El problema no es tener cortisol.

Lo importante es entender cómo responde el organismo ante una situación de estrés y cómo consigue recuperar el equilibrio después.

Por eso conviene desconfiar de explicaciones demasiado simples del tipo “tienes el cortisol alto y por eso te pasa todo”. Los síntomas relacionados con el estrés pueden tener múltiples causas y no pueden atribuirse únicamente a una hormona sin una valoración adecuada.

¿Se puede entrenar la capacidad de regulación?

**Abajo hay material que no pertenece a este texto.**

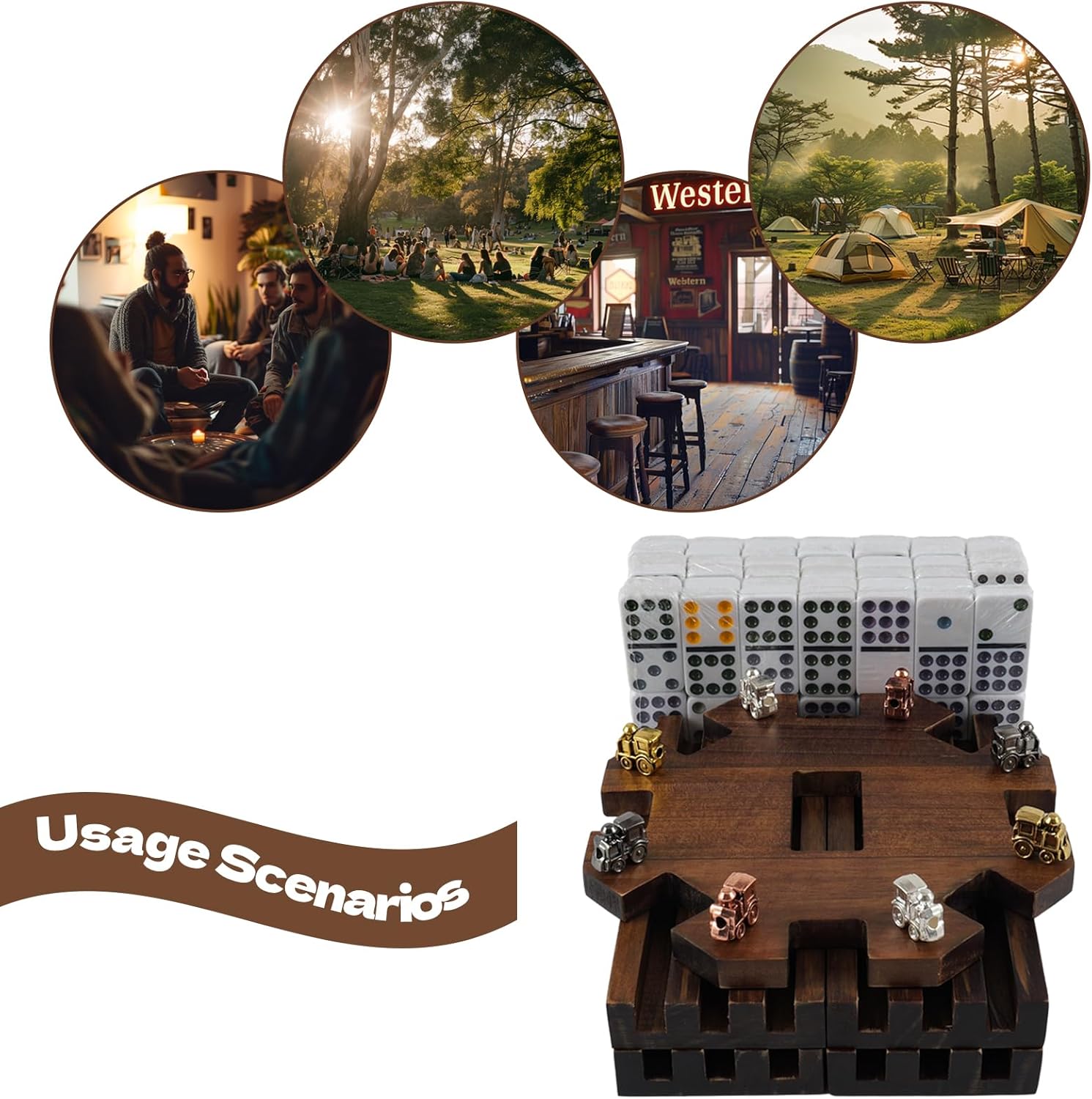 - 【Carefully Crafted With High-Quality Materials】Our dominoes are well made and printed with bright colored dots. The wheel hub and tile rack are both made of solid wood, covered with vintage colors, and sturdy and durable. We have also prepared cute metal train markers for you to play with better. Compared to other plastic trains and plastic boards on the market, our product is more exquisite and reliable in quality. We have also specially designed color box packaging to facilitate your storage and preservation.

Cuando el problema está relacionado con una dificultad persistente para pasar de estados de activación a estados de mayor calma, existen diferentes estrategias que pueden ayudar, dependiendo de la situación de cada persona.

Entre ellas están los cambios en hábitos de sueño, actividad física, técnicas de relajación, intervención psicológica y otras estrategias orientadas a mejorar la regulación del estrés.

El neurofeedback plantea otro enfoque: entrenar determinados patrones de actividad cerebral mediante un sistema de feedback en tiempo real.

En Espacio Feedback, el entrenamiento se realiza registrando la actividad cerebral mediante sensores y proporcionando información al cerebro durante la sesión. La respuesta de cada persona permite adaptar el entrenamiento a sus características y objetivos.

No se trata de “apagar el estrés” ni de garantizar que una persona deje de sentir presión.

El objetivo es favorecer una mejor capacidad de autorregulación y facilitar que el sistema nervioso pueda responder de una forma más adecuada a las demandas de cada situación.

¿Cuándo conviene prestar atención a estas señales?

No hace falta esperar a sentirse completamente desbordado.

Si llevas semanas o meses notando que duermes peor, estás constantemente tenso, te cuesta concentrarte, te sientes agotado o tienes cada vez más dificultad para desconectar, merece la pena detenerse y observar qué está ocurriendo.

Y si los síntomas son intensos, persistentes, empeoran o interfieren con tu vida cotidiana, es importante consultar con un profesional sanitario para valorar sus posibles causas.

El objetivo no debería ser simplemente aguantar más presión.

También puede ser aprender a recuperar mejor.

En Espacio Feedback, en Madrid, el proceso comienza con una valoración inicial para conocer qué quieres trabajar y adaptar el entrenamiento a tus características. Las sesiones de neurofeedback monitorizan la actividad cerebral y proporcionan feedback en tiempo real durante el entrenamiento.

Si llevas demasiado tiempo funcionando en modo exigencia y quieres entender mejor qué puede estar ocurriendo y si este tipo de entrenamiento puede encajar contigo, puedes informarte sobre el proceso y valorar tu caso con nuestro equipo.

Estrés crónico

En resumen

El estrés forma parte de la vida y puede ser útil cuando necesitamos responder ante una exigencia concreta. Lo que puede resultar problemático es permanecer durante demasiado tiempo en un estado de activación sin suficiente recuperación.

El cuerpo puede expresarlo de muchas maneras: tensión muscular, alteraciones del sueño, cansancio, problemas digestivos, irritabilidad, dificultad para concentrarse o sensación de no poder desconectar.

Reconocer esas señales no significa diagnosticar qué ocurre. Significa prestar atención antes de que se conviertan en algo que simplemente damos por normal.

Y, cuando la recuperación se ha vuelto difícil, buscar una estrategia adecuada puede ser más útil que seguir intentando funcionar a base de esfuerzo.